Directions =>
At the line with "Cela sera la", start transcribing; stop after the last line of the data below. Keep it exact and leave pictures out.

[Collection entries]
*****

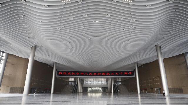 中央廊道和展廳之上,則是擁有超高顏值、可覆蓋106個標(biāo)準(zhǔn)足球場的金屬屋頂。如何讓平淡無奇的屋頂變得漂亮?設(shè)計方介紹,團隊曾經(jīng)嘗試過云海、絲帶、花瓣等多種元素,經(jīng)過多次討論最終確定以海浪為原型,屋面呈現(xiàn)彩色絲帶花紋,寓意“海上絲綢之路”。屋頂?shù)氖┕ね瑯泳媲缶?,在施工過程中,工人通過航拍圖對比效果圖,錯了一塊裝飾板都要更換。
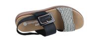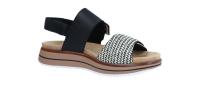 Die modische Sandale von Remonte besticht mit ihrer leichten Plateau-Laufsohle. Schön ist die Sohlenumrandung in Bastoptik. Der kleine Keilabsatz ist bequem zu tragen. Die sehr bequeme Fußbettsohle ist herausnehmbar, sodass auch eigene orthopädische Einlagen verwendet werden können. Die Riemen aus Glattleder sind mit Textil gefüttert, so schmiegen sie sich bequem an den Fuß. Mit dem Klettverschluss kann die Weite an den Spann individuell angepasst werden.
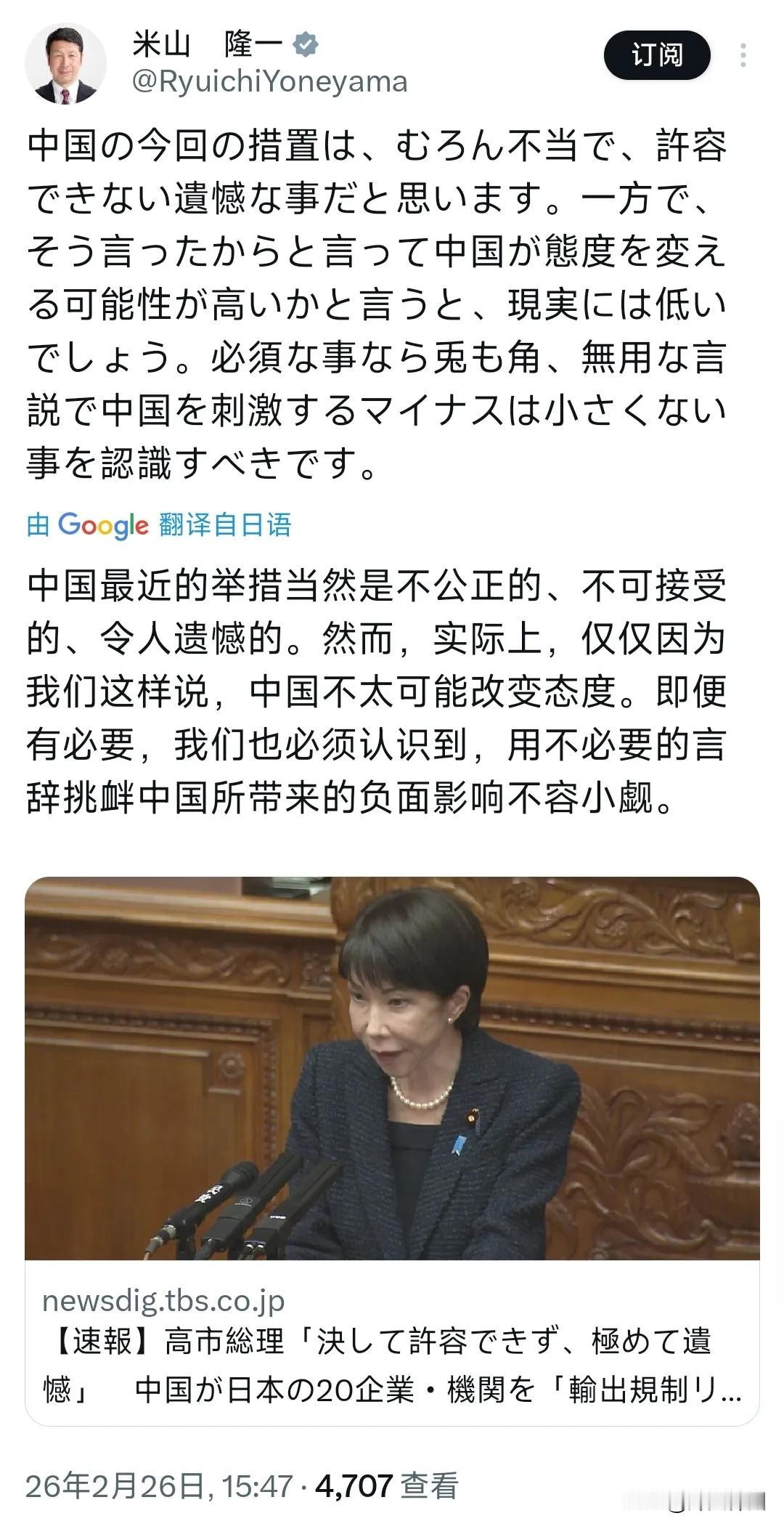 日本众议员、前新潟县知事米山隆一今天(2月26日)写道:“我认为中国此次的举措无疑是不当的,也是令人遗憾、无法接受的。但另一方面,即便如此表态,中国改变立场的可能性在现实中想必也很低。我们理应认识到,若是必要的表态倒也罢了,用不必要的言辞挑衅中国所带来的负面影响不容小觑。” 评几句: 日本众议员、前新潟县知事米山隆一的一番表态,在日本国内引发广泛讨论。他在表达自身看法的同时,也客观指出,从现实角度来看,中国在核心立场上并不会轻易改变。 更值得关注的是,米山隆一明确提醒:正常表态可以理解,但如果用过激言论制造矛盾,只会带来负面效果,得不偿失。在当前环境下,这样的观点显得十分理性。 中日两国一衣带水,经贸合作与民间交流十分密切,两国关系稳定,符合彼此的共同利益。中方在核心问题上的态度一向清晰明确,单方面的做法并不能改变现实。 米山隆一的理性声音,也给外界带来启示:国与国之间,唯有相互尊重、加强对话,才是长久之道。坚持理性沟通,才能真正维护好共同利益。
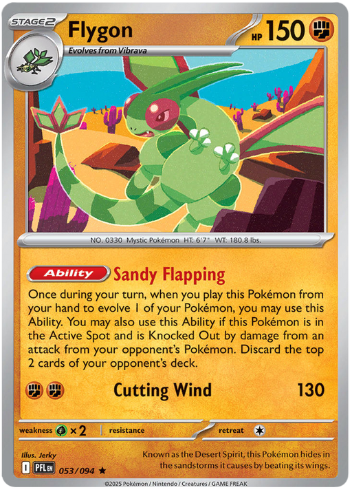 Original price £1.99 - Original price £1.99Original price£1.99£1.99 - £1.99Current price £1.99| /Out of stock1x Near Mint Flygon 053/094 Rare Pokemon Card from the Mega Evolution: Phantasmal Flames expansion of the Pokemon Trading Card Game.
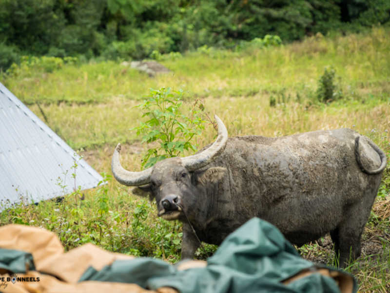 Cela sera la partie la plus difficile de la journée ; 5 heures d’escalier. Mais, nous avons de la chance, car il n’y a pas trop de soleil ! Ça peut paraître étrange ce que je dis là, mais comme la chaleur est déjà tellement présente, si le soleil pointe le bout de son nez ça devient insoutenable. Pour l’instant nous avons quelques petites averses rapides qui nous rafraichissent, affaire à suivre… On a tellement de chose à vous raconter sur cette journée ! Les enfants occupés à fortifier une terrasse familiale avec les pierres remontées de la rivière en contre bas, le tout sous forme de jeu avec un immense sourire, la vieille dame a l’abris de son sac plastique qui laboure sa terrasse avec l’eau jusqu’aux genoux, ainsi que des paysages à couper le souffle… Je vous laisse apprécier cela dans la galerie
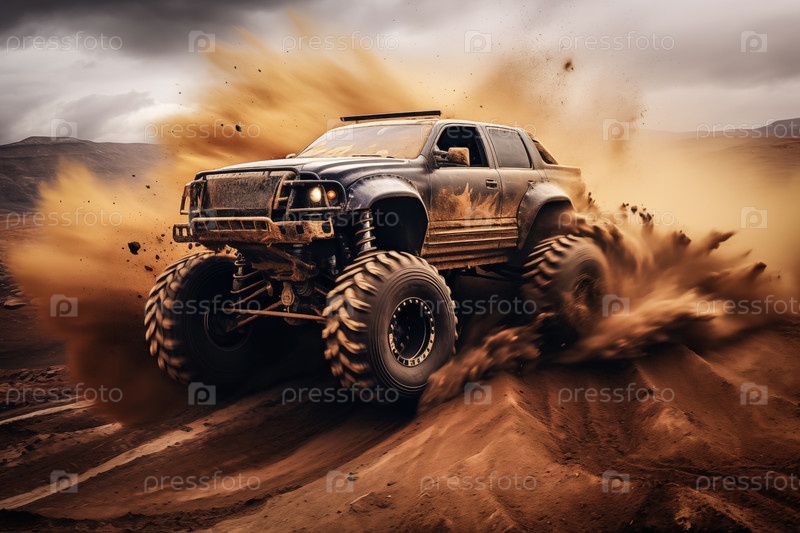 Чудовищный грузовик едет на открытом воздухе среди облака пыли - волнение и адреналин открытого внедорожного гоночного мероприятия
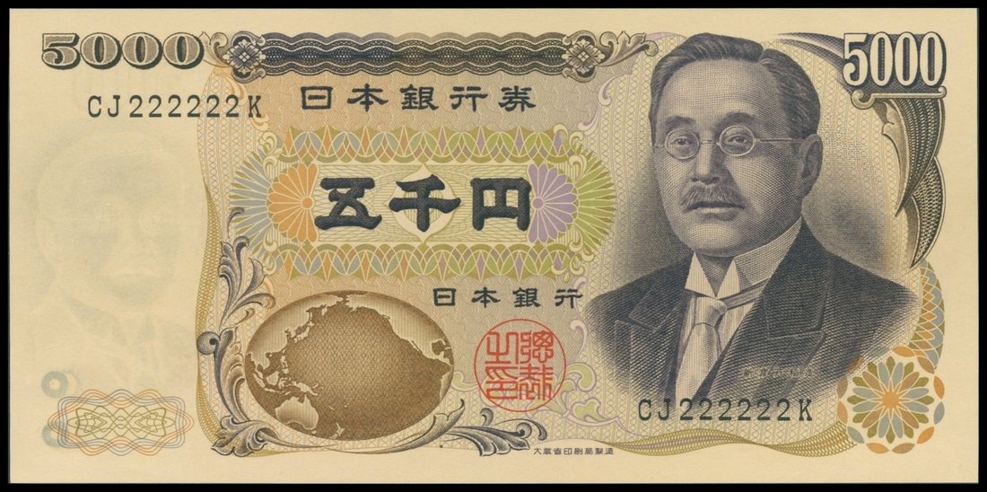 Japan, 5000 yen, ND (1984-93), serial number CJ222222K, purple on multicolour underprint, Inazo Nitobe at right, watermark at left, Mt. Fuji at centre on reverse,

*****

Response =>
 Cela sera la partie la plus difficile de la journée ; 5 heures d’escalier. Mais, nous avons de la chance, car il n’y a pas trop de soleil ! Ça peut paraître étrange ce que je dis là, mais comme la chaleur est déjà tellement présente, si le soleil pointe le bout de son nez ça devient insoutenable. Pour l’instant nous avons quelques petites averses rapides qui nous rafraichissent, affaire à suivre… On a tellement de chose à vous raconter sur cette journée ! Les enfants occupés à fortifier une terrasse familiale avec les pierres remontées de la rivière en contre bas, le tout sous forme de jeu avec un immense sourire, la vieille dame a l’abris de son sac plastique qui laboure sa terrasse avec l’eau jusqu’aux genoux, ainsi que des paysages à couper le souffle… Je vous laisse apprécier cela dans la galerie
 Чудовищный грузовик едет на открытом воздухе среди облака пыли - волнение и адреналин открытого внедорожного гоночного мероприятия
 Japan, 5000 yen, ND (1984-93), serial number CJ222222K, purple on multicolour underprint, Inazo Nitobe at right, watermark at left, Mt. Fuji at centre on reverse,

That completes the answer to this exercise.